2. the invention is provided with a short message preprocessing module, which is used for preliminarily screening short messages; the intelligent terminal receives the short message and then sends the short message to the short message preprocessing module; the short message preprocessing module acquires a sending number of the short message after receiving the short message, and acquires a short message mark database stored in the storage module through the processor; matching the sending number with the number in the short message database, intercepting the short message corresponding to the sending number when the matching result is obtained, and automatically removing the short message from the intelligent terminal; when the matching result is not obtained, the short message is marked as a primary screened short message, and the primary screened short message and the short message analysis signal are sent to a short message analysis module through a processor; the short message preprocessing module realizes the preliminary screening of the short messages by screening the numbers of the sent short messages, and is beneficial to improving the removal efficiency of the spam short messages;

3. the invention is provided with a short message analysis module, which is used for analyzing the primary selected short message; acquiring a sensitive word bank in a data storage module through a processor; extracting the preliminary screened short messages by a Chinese word segmentation technology to obtain verification keywords, matching the verification keywords with the keywords in the sensitive word bank, judging the preliminary screened short messages to be spam short messages when the verification keywords are matched with results in the sensitive word bank, and automatically removing the spam short messages from the intelligent terminal; when the verification keyword cannot be matched with the result in the sensitive word bank, acquiring an intelligent model in the data storage module; converting the primary screened short message into an input array, marking the input array as a verification input array, and inputting the verification input array into an intelligent model to judge the primary screened short message; when the primary screened short messages are judged to be spam short messages, the primary screened short messages are automatically removed from the intelligent terminal; the short message analysis module further screens the primary screened short messages through a Chinese word segmentation technology and an intelligent model in sequence, and automatically eliminates the screened spam short messages, so that the method is beneficial to improving the recognition rate of the spam short messages and ensuring that the intelligent terminal is not disturbed by the spam short messages.

Drawings

In order to more clearly illustrate the embodiments of the present invention or the technical solutions in the prior art, the drawings used in the description of the embodiments or the prior art will be briefly described below, it is obvious that the drawings in the following description are only some embodiments of the present invention, and for those skilled in the art, other drawings can be obtained according to the drawings without creative efforts.
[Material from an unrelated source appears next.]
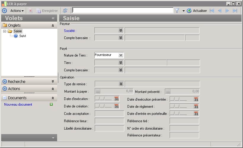 Lorsque le sens de l'ordre est décaissement (Virement)Société liée au compte payeur lorsque le sens de l'ordre est décaissement (débit du compte du donneur d'ordre).Cette information est obligatoire et permet d'identifier la société lorsque l'information du compte bancaire payeur n'est pas établie (l'information du compte bancaire est cependant obligatoire pour confirmer l'ordre).Lorsque le sens de l'ordre est encaissement (LCRPrélèvement)Dans le cadre des prélèvements cette information représente la société liée au compte bénéficiaire.Cette information est obligatoire et permet d'identifier la société lorsque l'information du compte bancaire bénéficiaire n'est pas établie (l'information du compte bancaire est cependant obligatoire pour confirmer l'ordre).Dans le cadre des LCRcette information représente le tireur de l'effet.Dans le cas d'un endossement de l'effet, le tireur se distingue du bénéficiaire de l'effet lequel est défini en tant que tiers endossé (cf. saisie complémentaire). |

Fig. 1 is a schematic diagram of the principle of the present invention.

Detailed Description

The technical solutions of the present invention will be described clearly and completely with reference to the following embodiments, and it should be understood that the described embodiments are only a part of the embodiments of the present invention, and not all of the embodiments. All other embodiments, which can be derived by a person skilled in the art from the embodiments given herein without making any creative effort, shall fall within the protection scope of the present invention.

Referring to fig. 1, a spam removal system based on a chinese word segmentation recognition technology includes a processor, an IP analysis module, an information distribution module, a data storage module, a short message preprocessing module, an intelligent model module, and a short message analysis module;

the intelligent model module is used for acquiring an intelligent model;

Further, the short message preprocessing module is used for primarily screening the short messages, and comprises:

the intelligent terminal receives the short message and then sends the short message to the short message preprocessing module; the intelligent terminal comprises an intelligent mobile phone and a tablet computer;

Further, the short message analysis module is used for analyzing the primarily selected short message, and comprises:

acquiring a sensitive word bank in a data storage module through a processor; the sensitive word bank at least comprises a key word of a sensitive word type, and the sensitive word type comprises drugs and yellow-related drugs;

Further, the intelligent model module is used for training the neural network model to obtain the intelligent model, and comprises:

acquiring a spam message database through the Internet, and numbering spam messages; the specific reference numbers are 5 digits, such as 1+01+ 00; wherein, the position of 1 represents the arrangement rule of the spam messages, and the arrangement rule comprises horizontal rows and vertical rows; the position of 01 represents the type of sensitive words, 00 represents the mixed type, 01 represents drugs, and 02 represents the reference yellow; the position of 00 represents the number of sensitive words;

Further, the IP analysis module analyzes the IP address of the junk short message after receiving the IP analysis signal, and adds the IP address into an IP blacklist when the number of times of sending the junk short message by the IP address exceeds the preset number of times of sending the junk short message.

Further, the information issuing module is used for issuing a rejection result of the spam short messages and periodically issuing a rejection record of the spam short messages to the intelligent terminal.

Further, the short message mark database is generated through a third-party platform, and comprises the following steps:

generating an empty short message mark library through a processor;

acquiring a harassment number statistical table through a third-party platform; the third party platform comprises China Mobile, China Unicom and China telecom, and the number in the harassing number statistical table is the number marked as a harassing call by the user of the third party platform;

when the marking times BC is larger than L1, the number corresponding to the marking times is stored in a short message marking library; wherein L1 is a preset marking time threshold;

Further, the processor is respectively in communication connection with the IP analysis module, the information release module, the data storage module, the short message preprocessing module, the intelligent model module and the short message analysis module, and the data storage module is in communication connection with the information release module.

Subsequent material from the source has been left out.